The data =>
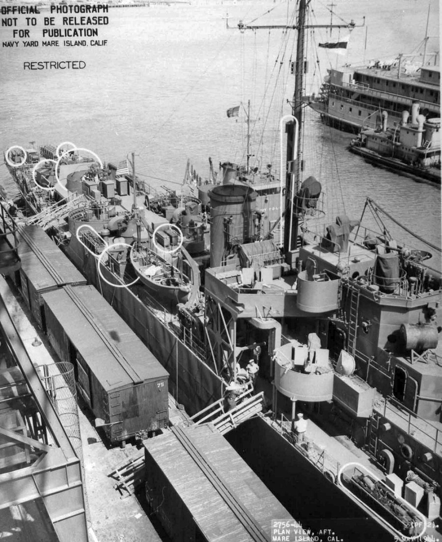 Forward plan view of Casper at Mare Island on 5 May 1944 U.S. Navy photo 2757-44
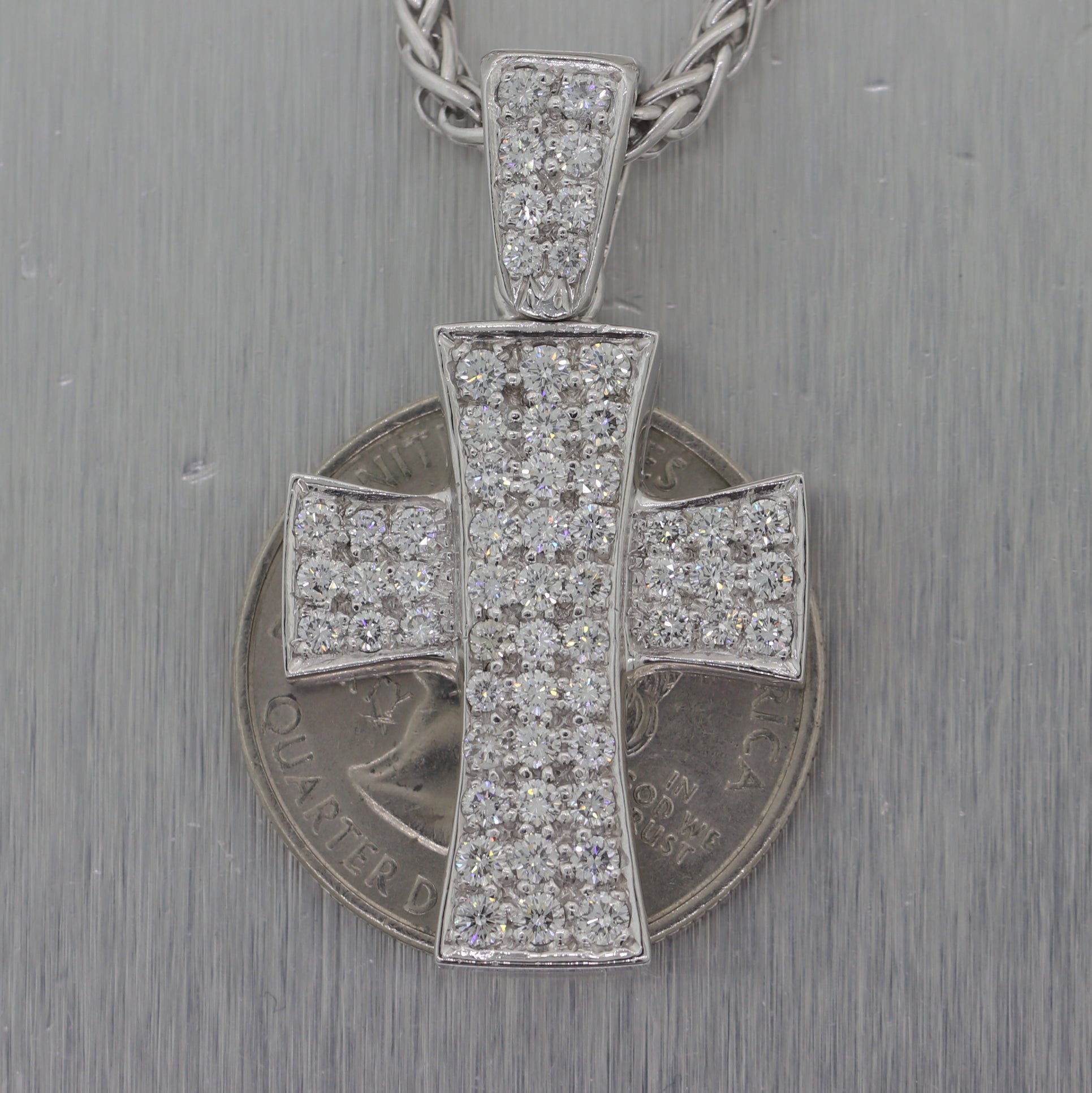 For your consideration, an authentic Modern Platinum 2ctw Diamond Cross Pendant 17" Necklace. This piece will come professionally packaged in a beautiful Collectors Coins & Jewelry gift presentation box. B0
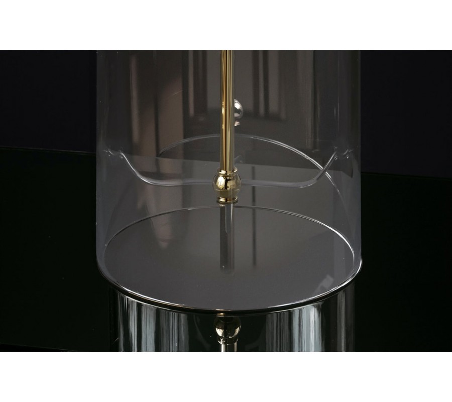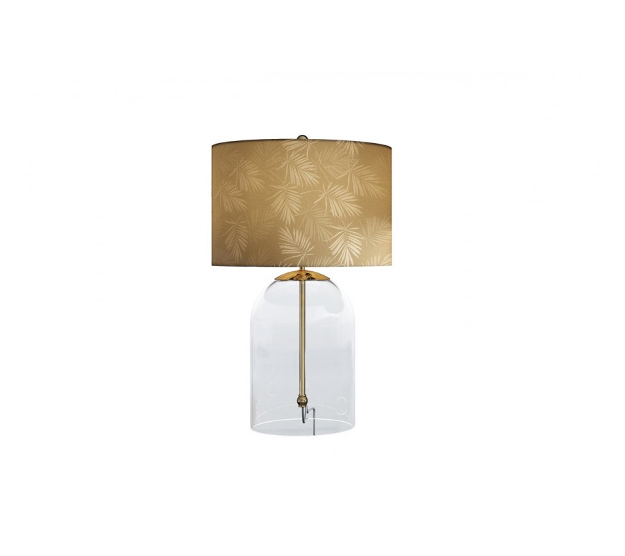 Tienidlo je upevnené na kovovej konštrukcii v zlatej farbe s objímkou na žiarovku typu E27, ktorá nie je súčasťou balenia. Vo vrchnej časti je konštrukcia ukončená guličkou. V spodnej časti prechádza vertikálna centrálna os cez transparentnú nohu lampy a vytvára tak zaujímavý vizuál. Stabilné spojenie s podstavou zaisťuje kovová čiapočka na jej vrchnej časti. Noha lampy je vyrobená z priehľadného skla a svojím tvarom pripomína zvon s okrúhlym pôdorysom a zaoblenou vrchnou časťou.
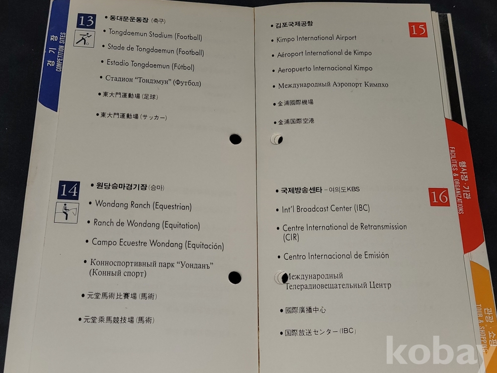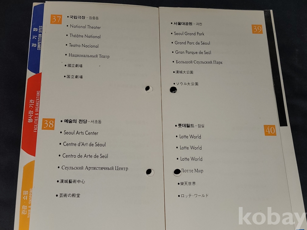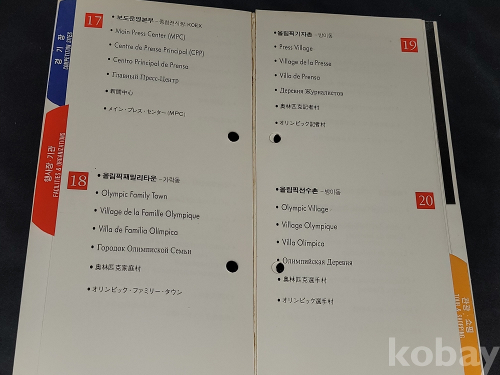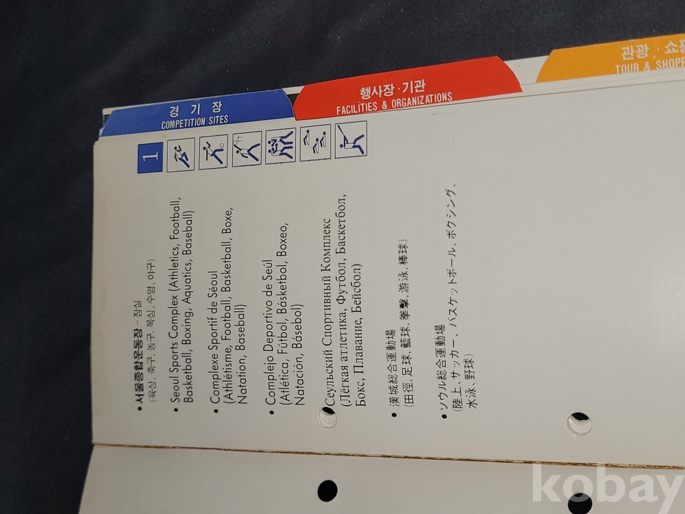 올림픽 정보 책자는 접착력이 약해져 분리되는 상태입니다.
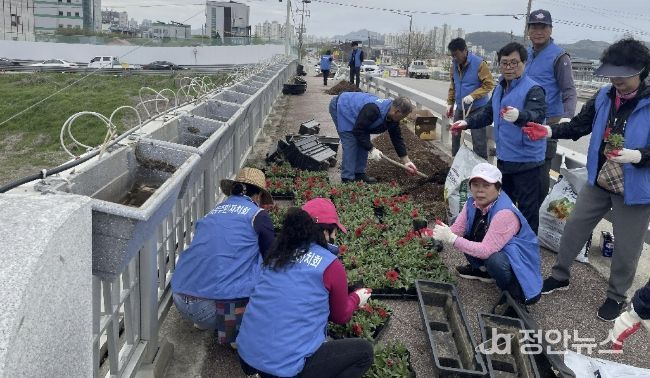 정안뉴스 안정주 기자 | 아산시 온양4동 주민자치회는 지난 17일 민관협력형 사업의 일환으로 실옥교 난간에 봄꽃 식재 활동을 펼쳤다.

Exercise objective => Copy exactly the lines from the line containing "For your consideration, an" through the last line of the records above, both included, and leave out any pictures.

Solution =>
 For your consideration, an authentic Modern Platinum 2ctw Diamond Cross Pendant 17" Necklace. This piece will come professionally packaged in a beautiful Collectors Coins & Jewelry gift presentation box. B0
 Tienidlo je upevnené na kovovej konštrukcii v zlatej farbe s objímkou na žiarovku typu E27, ktorá nie je súčasťou balenia. Vo vrchnej časti je konštrukcia ukončená guličkou. V spodnej časti prechádza vertikálna centrálna os cez transparentnú nohu lampy a vytvára tak zaujímavý vizuál. Stabilné spojenie s podstavou zaisťuje kovová čiapočka na jej vrchnej časti. Noha lampy je vyrobená z priehľadného skla a svojím tvarom pripomína zvon s okrúhlym pôdorysom a zaoblenou vrchnou časťou.
 올림픽 정보 책자는 접착력이 약해져 분리되는 상태입니다.
 정안뉴스 안정주 기자 | 아산시 온양4동 주민자치회는 지난 17일 민관협력형 사업의 일환으로 실옥교 난간에 봄꽃 식재 활동을 펼쳤다.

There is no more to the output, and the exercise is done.